Swimming and swarming assays were performed as described by [79]. Strains were streaked on 50% BHI agar plates and incubated (48 h; 16 °C), and single colonies were transferred to swimming and swarming plates. Results were recorded after 24 and 48 h.

Lactic acid (LA) detection followed [80]. Total LA and concentrations of D- and L-lactate were assayed in triplicate using a D-/L-lactic acid determination kit (Megazyme International, Wicklow, Ireland).

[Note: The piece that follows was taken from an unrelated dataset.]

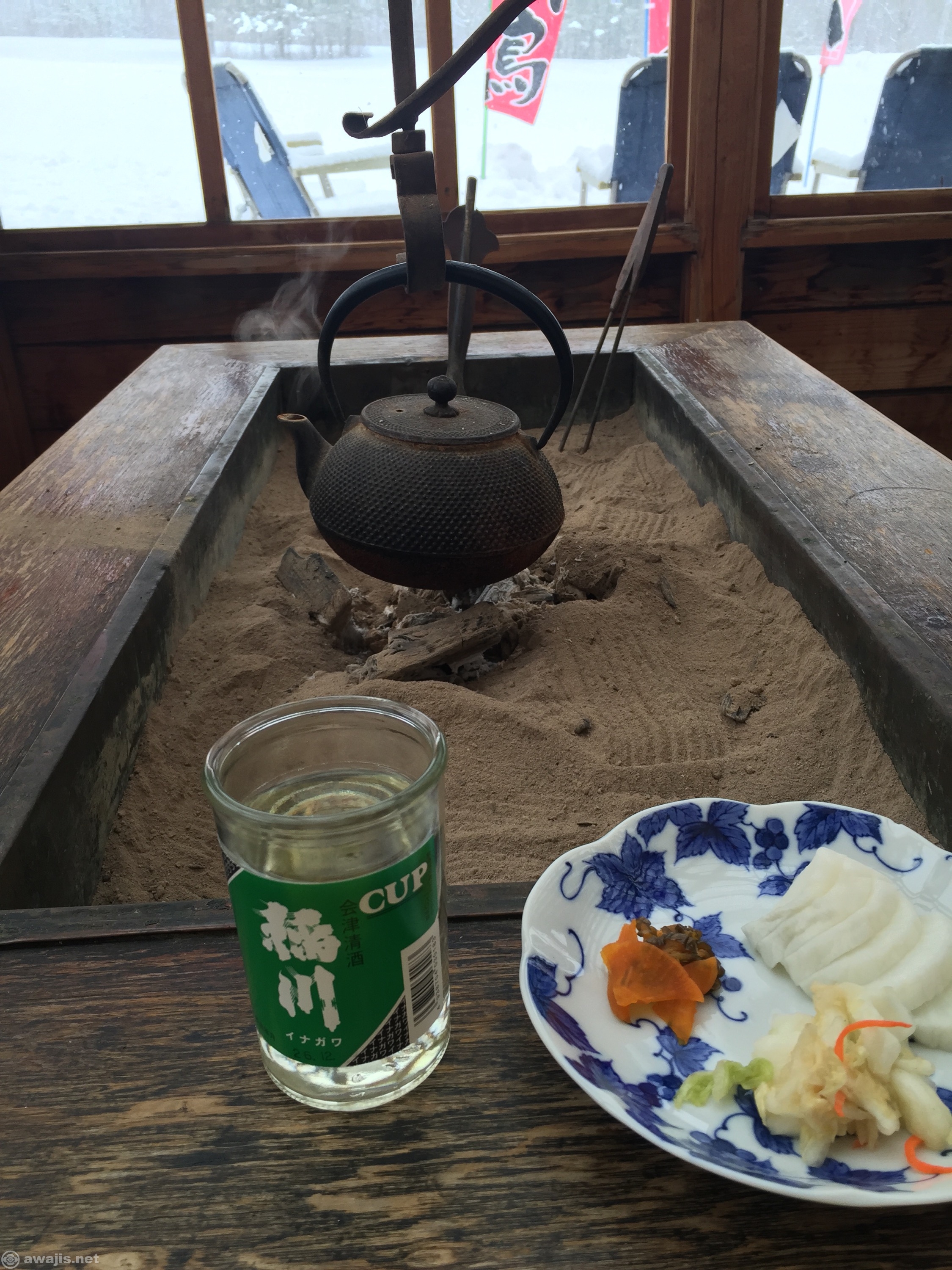 というわけで、ゲレンデ脇の飲み屋で雪見酒モードの入りました
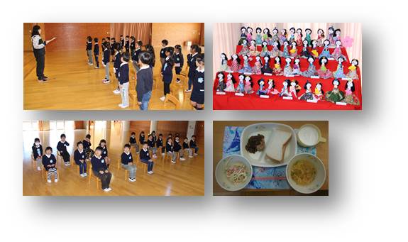 今日から3月です。明後日はひな祭りが予定されています。子どもたちの手作りのおひな様の用意もできました。3月3日が楽しみです。また、年長児は修了証書授与式に向けて練習が始まりました。ちょっぴり緊張しているようです。

4.5. Antimicrobial Activity and Bacteriocin Purification

Antimicrobial activity of overnight cultures and ammonium sulfate precipitates of post-culture liquids was tested against selected Gram-positive and Gram-negative bacteria using the spot-on-lawn method [81]. Crude extracts were treated with proteinase K (NEB, USA) at 1 mg/mL for 1 h to test susceptibility to proteolysis. Bacteriocins were precipitated with ammonium sulphate as described previously [82] and stored at −20 °C.

4.6. Statistical Analysis

Data on genetic and physiological traits of isolated Carnobacterium spp. strains were regressed to estimate a 95% confidence level (p-value ≤ 0.05) using Microsoft Excel (Excel 2021 for Windows, Microsoft). Experiments were conducted in triplicate unless otherwise specified.

5. Conclusions

The study presented here provides the first in-depth insight into the characterization of Carnobacterium spp. isolated from less explored niches—soils and soil-like materials of the Arctic and Antarctic regions—sources of LAB that have not been previously reported in the scientific literature. Performed analyses provide:

• Identification of metabolic properties of isolated Carnobacterium strains that may suggest an ecological role involving various syntrophic interactions with other microorganisms in polar habitats, such as algae, mosses, and lichens, through the secretion and fermentation of carbohydrates and alcohols.
• Presentation of methodology and data providing guidelines for the isolation of psychrophilic LAB from environmental resources of polar regions; identification of new Carnobacterium species; and characterization of metabolic traits and antimicrobial properties that determine the adaptive potential of LAB strains to permanently cold habitats, as well as for biotechnological application.
• Description of important metabolic features of industrial importance in cold-adapted Carnobacterium strains, such as the production of fermented foods, probiotics, and antimicrobial compounds, that could be more efficiently harnessed under conditions that are less demanding than those required by thermophilic LAB strains.
• Detailed characterization of carnobacterial plasmids and identification of certain genetic elements that may be useful in targeted engineering of suitable Carnobacteriaceae strains.

The findings underscore the under-explored biodiversity of polar regions and their potential for biotechnological applications.